EXERCISE PROMPT: Given the entries that follow, write out exactly the lines starting at the one containing "The man lay" and ending at the one containing "22-24 липня в", both ends included, and only those.

======== SUPPLIED RECORDS

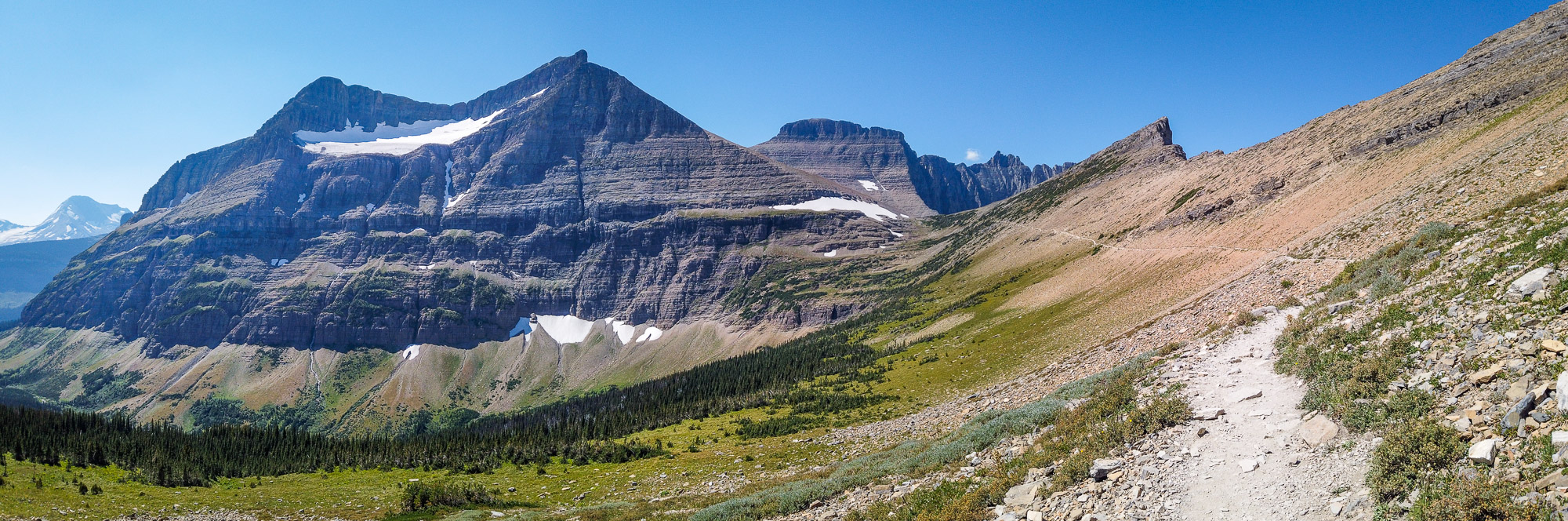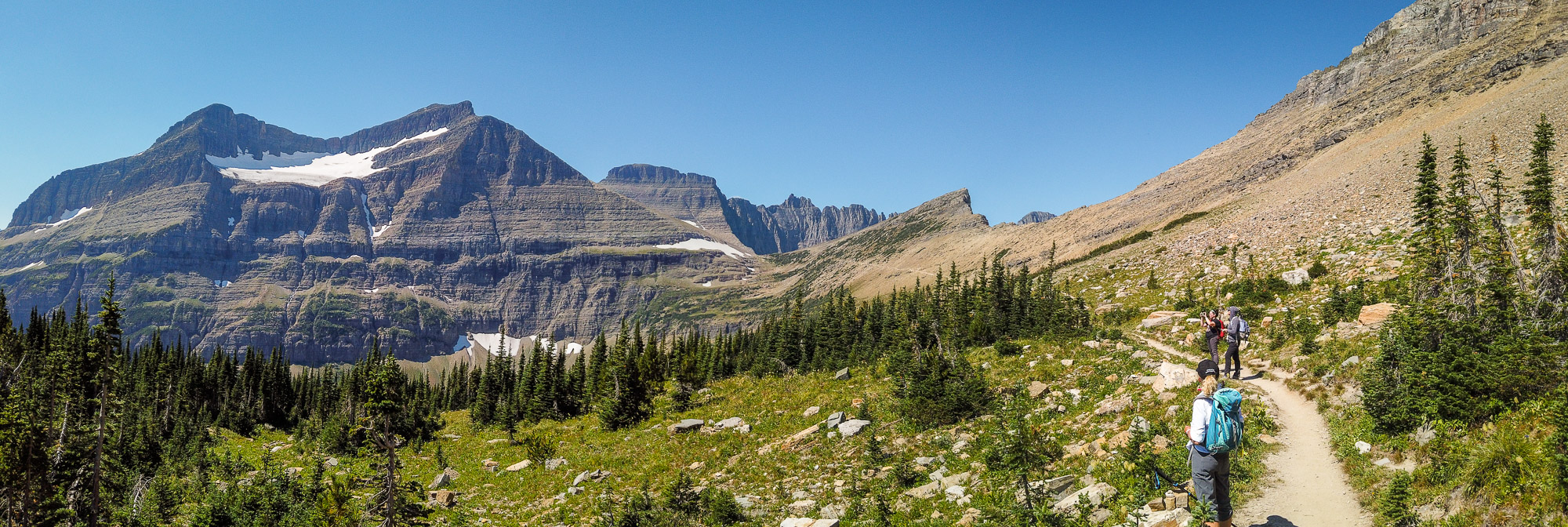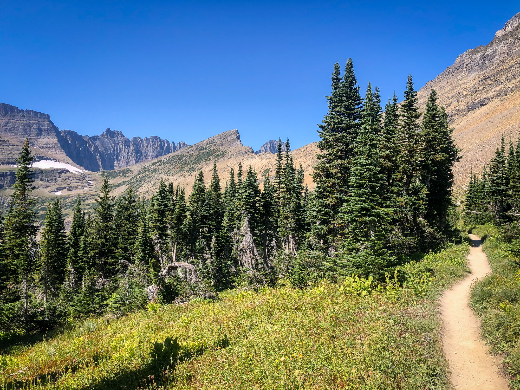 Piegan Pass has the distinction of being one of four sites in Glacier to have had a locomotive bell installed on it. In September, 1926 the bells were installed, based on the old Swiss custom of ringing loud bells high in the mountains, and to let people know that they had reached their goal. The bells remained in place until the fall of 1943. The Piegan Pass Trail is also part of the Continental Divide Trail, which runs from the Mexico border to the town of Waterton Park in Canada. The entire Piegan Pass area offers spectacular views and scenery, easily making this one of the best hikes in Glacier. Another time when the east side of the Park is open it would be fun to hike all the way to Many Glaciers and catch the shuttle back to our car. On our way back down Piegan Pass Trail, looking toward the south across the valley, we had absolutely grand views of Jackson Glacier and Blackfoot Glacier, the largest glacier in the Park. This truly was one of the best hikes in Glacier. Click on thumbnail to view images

================
======== SUPPLIED RECORDS

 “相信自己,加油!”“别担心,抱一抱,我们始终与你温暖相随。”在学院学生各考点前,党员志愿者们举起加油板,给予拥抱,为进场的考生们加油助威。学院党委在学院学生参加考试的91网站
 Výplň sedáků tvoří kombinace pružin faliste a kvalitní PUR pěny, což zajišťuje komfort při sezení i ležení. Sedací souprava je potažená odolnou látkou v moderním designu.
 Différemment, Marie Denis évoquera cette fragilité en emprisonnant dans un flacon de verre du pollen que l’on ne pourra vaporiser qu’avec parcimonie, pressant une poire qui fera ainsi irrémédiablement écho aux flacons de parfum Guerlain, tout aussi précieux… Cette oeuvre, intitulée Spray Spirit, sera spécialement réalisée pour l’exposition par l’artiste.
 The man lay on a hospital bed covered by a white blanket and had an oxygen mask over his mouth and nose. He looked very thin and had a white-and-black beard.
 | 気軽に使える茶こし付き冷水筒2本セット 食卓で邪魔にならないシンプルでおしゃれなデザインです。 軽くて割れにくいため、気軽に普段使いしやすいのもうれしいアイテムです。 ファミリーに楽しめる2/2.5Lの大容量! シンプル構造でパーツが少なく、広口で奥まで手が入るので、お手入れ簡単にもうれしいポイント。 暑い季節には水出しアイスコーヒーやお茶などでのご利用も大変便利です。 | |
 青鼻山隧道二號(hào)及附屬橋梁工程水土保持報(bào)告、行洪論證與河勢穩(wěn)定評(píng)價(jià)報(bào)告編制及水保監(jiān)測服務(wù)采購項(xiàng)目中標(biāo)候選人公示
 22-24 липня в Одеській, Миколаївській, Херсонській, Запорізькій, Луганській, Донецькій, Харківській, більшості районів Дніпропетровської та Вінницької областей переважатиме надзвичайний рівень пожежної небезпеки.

================

EXERCISE OUTPUT:
 The man lay on a hospital bed covered by a white blanket and had an oxygen mask over his mouth and nose. He looked very thin and had a white-and-black beard.
 | 気軽に使える茶こし付き冷水筒2本セット 食卓で邪魔にならないシンプルでおしゃれなデザインです。 軽くて割れにくいため、気軽に普段使いしやすいのもうれしいアイテムです。 ファミリーに楽しめる2/2.5Lの大容量! シンプル構造でパーツが少なく、広口で奥まで手が入るので、お手入れ簡単にもうれしいポイント。 暑い季節には水出しアイスコーヒーやお茶などでのご利用も大変便利です。 | |
 青鼻山隧道二號(hào)及附屬橋梁工程水土保持報(bào)告、行洪論證與河勢穩(wěn)定評(píng)價(jià)報(bào)告編制及水保監(jiān)測服務(wù)采購項(xiàng)目中標(biāo)候選人公示
 22-24 липня в Одеській, Миколаївській, Херсонській, Запорізькій, Луганській, Донецькій, Харківській, більшості районів Дніпропетровської та Вінницької областей переважатиме надзвичайний рівень пожежної небезпеки.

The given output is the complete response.